6.9 Avoidable Haemostatic Problems in Elective Surgery

Any patient planned for elective surgery must be asked about previous episodes of abnormal bleeding. Underlying medical conditions, medication associated with impaired haemostatic function, or abnormal coagulation test results may require postponement of surgery until the abnormality has been identified or confirmed. Appropriate procedures should be undertaken prior to surgery to minimise the perioperative risks for bleeding and/ or thromboembolism. This may include consultation with specialists.

Congenital abnormalities of haemostasis such as haemophilia should be managed in consultation with a specialist haemophilia centre.

Warfarin

Unless contraindicated, warfarin anticoagulation should be stopped early enough before elective surgery to allow the prothrombin time (or INR; International Normalised Ratio) to approach normal. This should be guided by a local protocol for preoperative anticoagulant management, taking into account patient-related risk factors for both thrombosis and bleeding. Bridging anticoagulation with either low molecular weight heparin or heparin infusion may be indicated for patients with at least a moderate risk of thrombosis. Prior to surgery where the INR is stable and therapeutic, withdrawal of warfarin for 3 - 5 days is generally adequate to achieve reversal sufficient for surgery. A longer period may be required in the presence of malnutrition or other factors predisposing to vitamin K deficiency.

The Australasian Society of Thrombosis and Haemostasis (ASTH) [6] provides a guideline for warfarin reversal. The Guidelines contain recommendations for the management of patients on long-term warfarin undergoing invasive procedures. Additionally, the NZBS Reversing Warfarin app developed by Health Obs Ltd, available for Android and iPhone, provides guidance for managing patients undergoing elective and emergency surgery.

 

Non-Vitamin K-Dependent Oral Anticoagulants (DOAC)

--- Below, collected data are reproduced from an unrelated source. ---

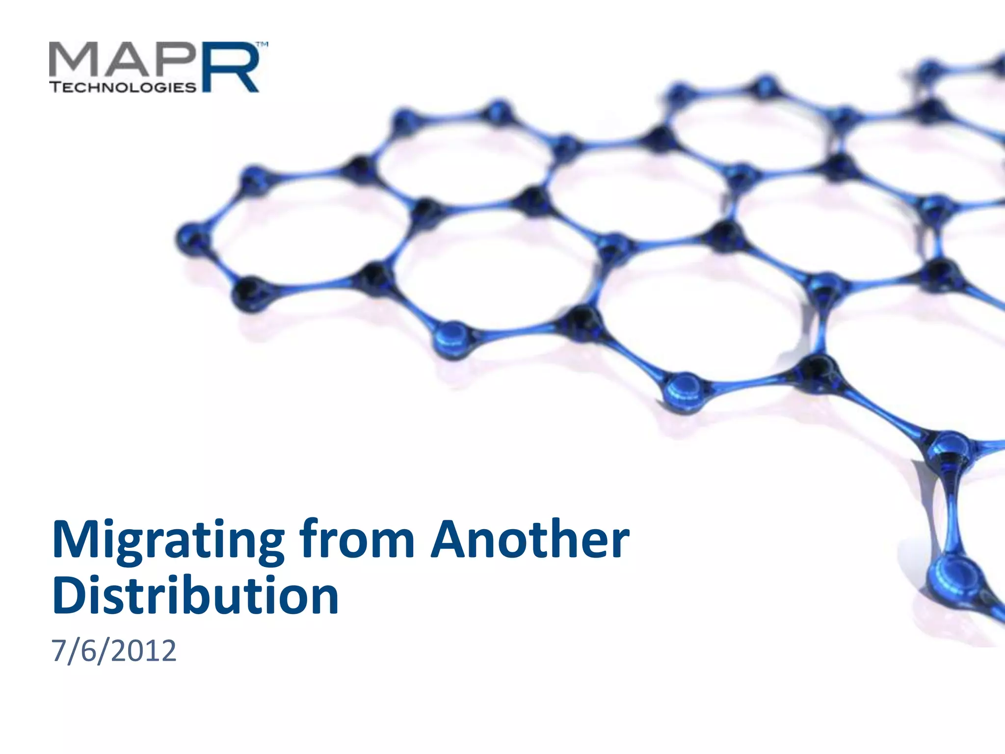 This document outlines the steps for migrating from another Hadoop distribution to MapR, including planning the migration, deploying MapR, migrating components, applications, data, and nodes. The key steps are planning requirements and goals, deploying and testing MapR, migrating customized components to work with MapR, ensuring applications work with MapR filesystem APIs, using distcp or the file client to copy data to MapR, and adding decommissioned nodes from the original cluster to MapR.
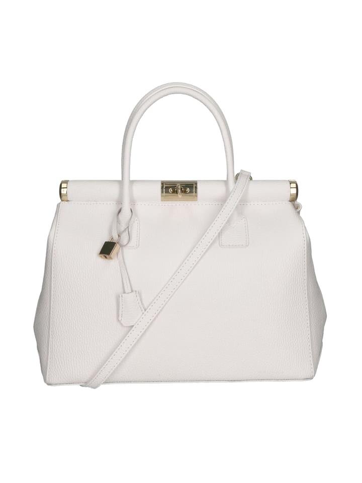 Женская сумочка с поворотным замком. два внутренних кармана на молнии и два открытых внутренних кармана. отсутствуют внешние карманы. регулируемый и съемный кожаный плечевой ремень. Кожаная ручка. два внутренних отделения. СумочкаВнешний женский материал, подкладка 70% хлопок, внутри 30% полиэстер. Размеры: 35х26х16 см. Сделано в Италии 35x26x16 см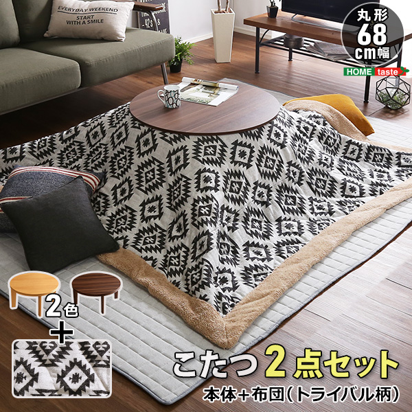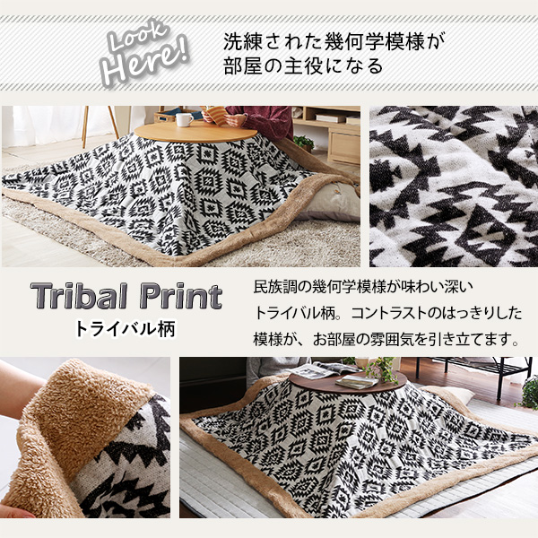 ●冬だけじゃもったいない、カジュアルテイストのおしゃれなこたつと、洗練された幾何学模様のトライバル柄薄掛け布団の2点セット!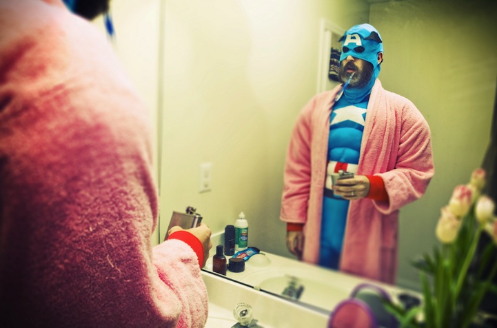 ????Armstrong于2008年開始,歷時(shí)兩年完成這一系列的拍攝。在作品中,Armstrong扮演電影《美國隊(duì)長》中的超級戰(zhàn)士。但這一次,超級戰(zhàn)士不再除暴安良,而是在索然無味的生活中苦苦掙扎:早早起床,一個(gè)人吃完早餐,一心等待著任務(wù)電話,卻遲遲不來,在黑暗中獨(dú)坐終日。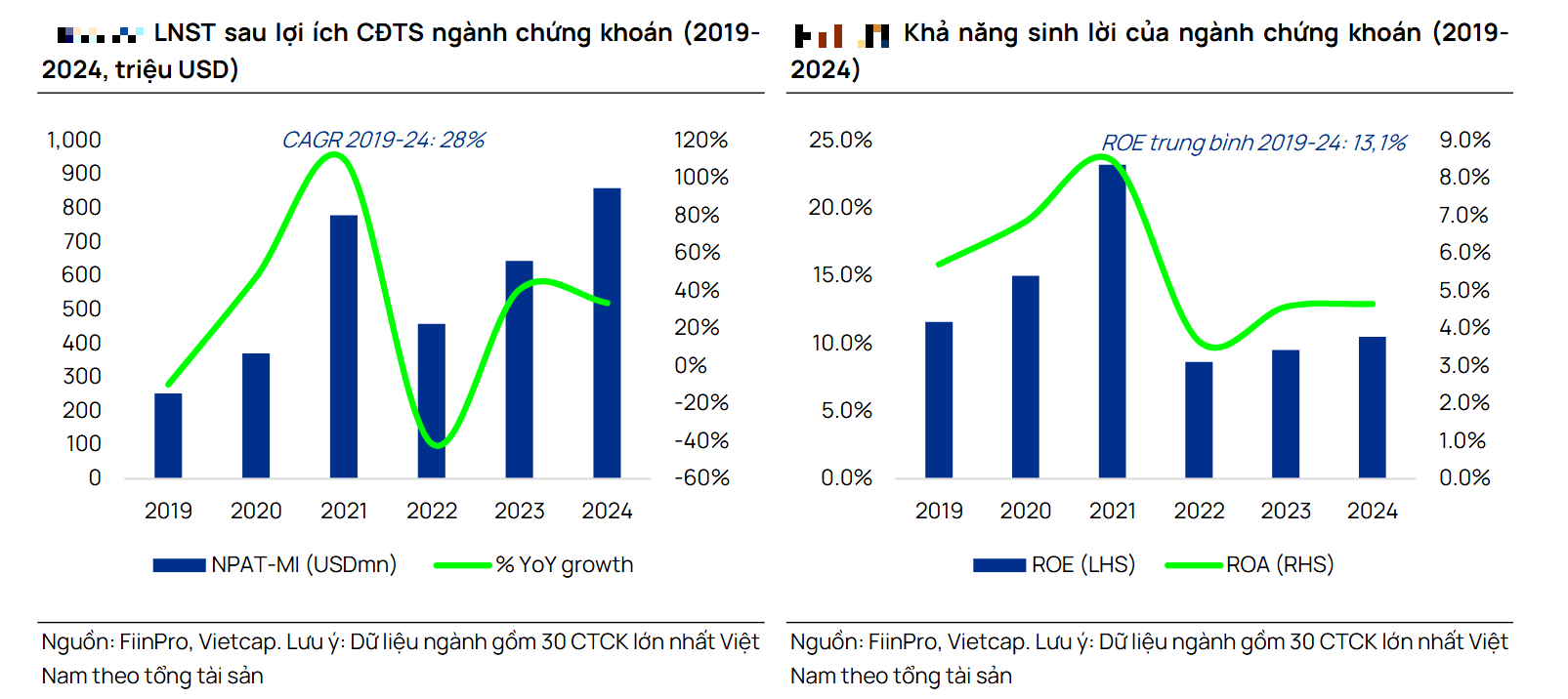 Không chỉ ghi nhận tăng trưởng doanh thu mạnh mẽ và bảng cân đối kế toán mở rộng đáng kể trong những năm gần đây, các CTCK còn đạt được tăng trưởng lợi nhuận vượt trội qua các chu kỳ thị trường. Trong giai đoạn 2019-2024, 30 CTCK lớn nhất theo tổng tài sản đã đạt CAGR tổng lợi nhuận là 28% và tổng lợi nhuận của các CTCK đã đạt 860 triệu USD vào năm 2024. Tổng ROE của các CTCK đã đạt mức cao hơn 23% trong chu kỳ tăng giá vào năm 2021.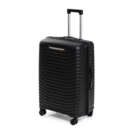 Czarna walizka podróżna wykonana z wytrzymałego polipropylenu to doskonały wybór dla osób, które cenią lekkość, trwałość i wygodę podczas wyjazdów. Dzięki twardej konstrukcji skutecznie chroni zawartość.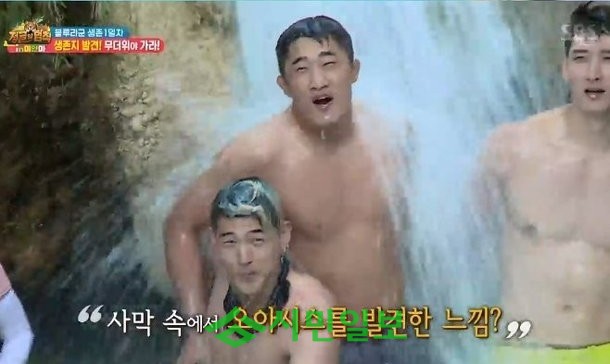 상의를 모두 탈의한 문성민은 "오랫동안 샤워를 못 했는데 오랜만에 물에 들어가니 천국 같았다"고 말했다. 이를 본 김동현도 자신의 다부진 몸매를 뽐내기 위해 상의를 탈의했다. 그러나 그의 가슴엔 밴드가 붙어져 있어 눈길을 끌었다.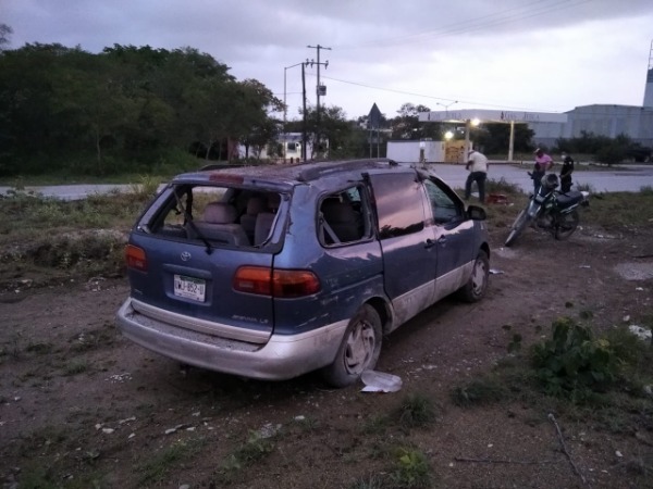 Este domingo alrededor de las 6:30 de la mañana, se registró la volcadura de una vagoneta marca Toyota color azul, con placas de San Luis Potosí.
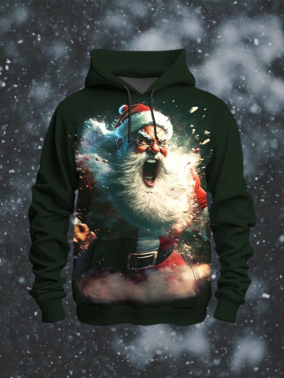 Raging Santa Claus Wearing Glass Christmas Hoodie Angry Santa Festival Outfit Gifts For Him.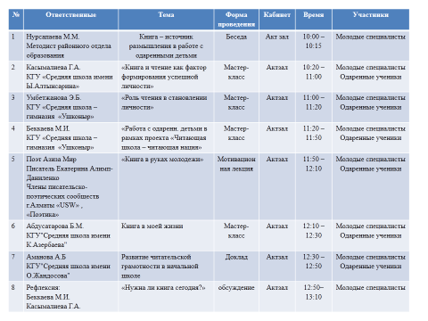 Умбетжанова Э.Б. КГУ «Средняя школа – гимназия «Ушконыр» ,«Роль чтения в становлении личности» Абдусатарова Б.М. ,КГУ"Средняя школа имени К.Азербаева, «Книга в моей жизни» ,Аманова А.Б КГУ "Средняя школа имени О.Жандосова,"Развитие читательской грамотности в начальной школе».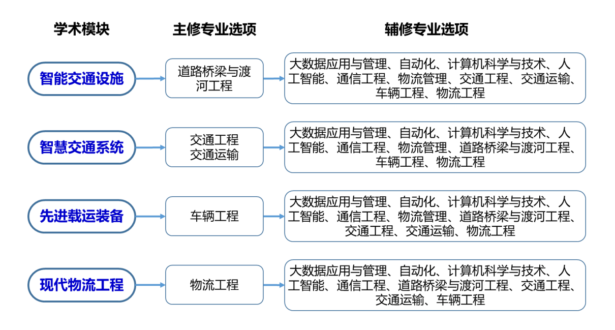 未来交通学院本科生按照工科试验班大类招生,并根据成人网 优势专业和交通运输工程学科未来发展趋势设置四大学术模块,包括智能交通设施、智慧交通系统、先进载运装备、现代物流工程。每一学术模块下,设置一到两个主修专业和多个可选辅修专业。专业分流时学生可根据兴趣和志愿选择一个主修专业和一个辅修专业,毕业证书和学位证书上同时标注主修专业和辅修专业。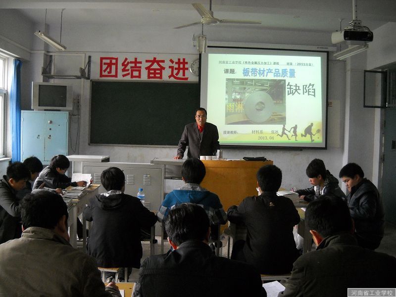 本次观摩课由张冰老师主讲,内容是铝制板带材产品质量缺陷。张冰老师由复习板带材产品缺陷分类开始,到讲授缺陷的定义、成因及防止措施。在此过程中张冰老师采用了以学生为主体的启发、提问,演示与练习相结合的教学方法,使课堂氛围充满活力和学习热情。特别是采用了工厂实物缺陷样板、图片资料-----吸引着学生的注意力,引导学生去发现问题,寻找答案,教学设计具有专业特色,起到较好的教学效果。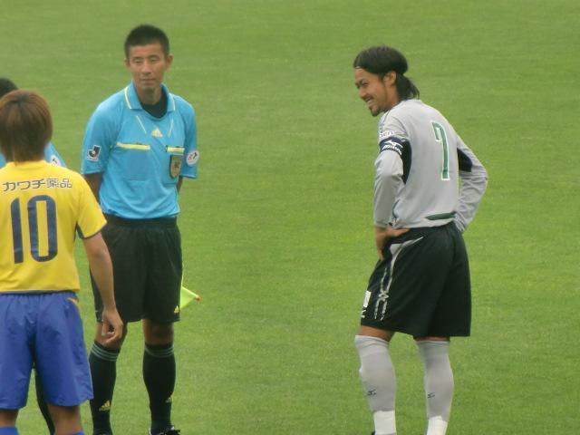 キックオフ前のポニョマサ&菅選手、主将同士の挨拶

Direct thrombin inhibitors, such as dabigatran (Pradaxa), and direct Factor Xa inhibitors, such as rivaroxaban (Xarelto) and apixiban (Eliquis), are non-vitamin K-dependent oral anticoagulants. They should be stopped early enough before elective surgery to allow reversal of the anticoagulant effect. This should be guided by a local protocol for preoperative anticoagulant management. In the case of dabigatran, the patient's renal function is particularly important. Guidance from the ASTH and PHARMAC is available [7] [8]. For further information see Table 6.3: Pharmacologic Properties of DOACs and Table 6.4: Preoperative interruption of new oral anticoagulants: a suggested management approach.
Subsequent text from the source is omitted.